(Beginning of Exercise materials)
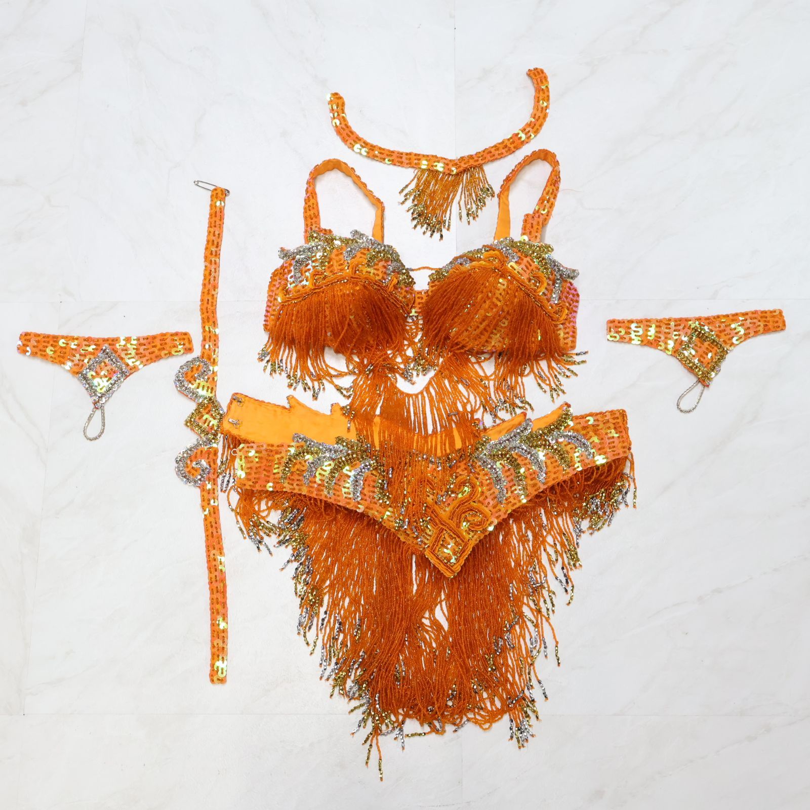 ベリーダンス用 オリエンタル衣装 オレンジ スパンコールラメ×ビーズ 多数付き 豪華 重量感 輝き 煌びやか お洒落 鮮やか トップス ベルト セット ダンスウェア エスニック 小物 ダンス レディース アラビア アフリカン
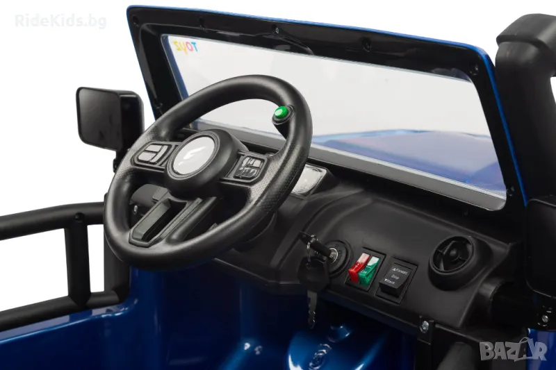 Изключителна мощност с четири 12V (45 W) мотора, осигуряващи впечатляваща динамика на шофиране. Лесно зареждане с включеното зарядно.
(End of Exercise materials)
(Beginning of Exercise materials)
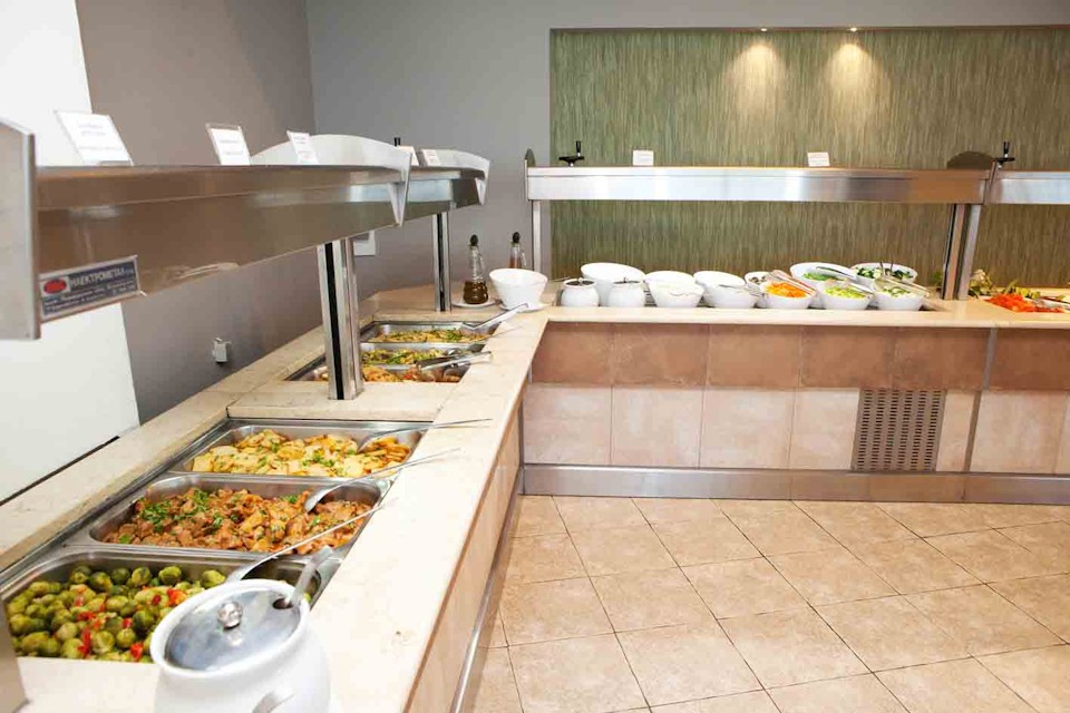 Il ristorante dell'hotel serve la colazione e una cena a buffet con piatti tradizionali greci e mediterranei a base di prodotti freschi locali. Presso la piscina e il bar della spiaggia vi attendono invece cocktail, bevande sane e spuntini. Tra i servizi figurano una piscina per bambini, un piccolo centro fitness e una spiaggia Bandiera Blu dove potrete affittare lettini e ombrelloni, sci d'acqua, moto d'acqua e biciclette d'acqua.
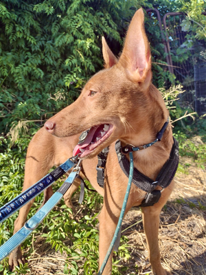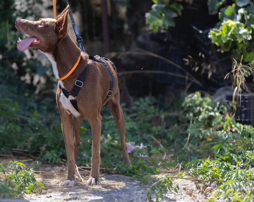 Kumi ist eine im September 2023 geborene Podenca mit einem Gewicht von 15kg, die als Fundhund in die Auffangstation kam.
(End of Exercise materials)
(Problem description):
Which part of the entries opens with the line containing "Il ristorante dell'hotel" and closes with the line containing "Kumi ist eine"? Output that part exactly, ends included, pictures excluded.

(Response):
 Il ristorante dell'hotel serve la colazione e una cena a buffet con piatti tradizionali greci e mediterranei a base di prodotti freschi locali. Presso la piscina e il bar della spiaggia vi attendono invece cocktail, bevande sane e spuntini. Tra i servizi figurano una piscina per bambini, un piccolo centro fitness e una spiaggia Bandiera Blu dove potrete affittare lettini e ombrelloni, sci d'acqua, moto d'acqua e biciclette d'acqua.
 Kumi ist eine im September 2023 geborene Podenca mit einem Gewicht von 15kg, die als Fundhund in die Auffangstation kam.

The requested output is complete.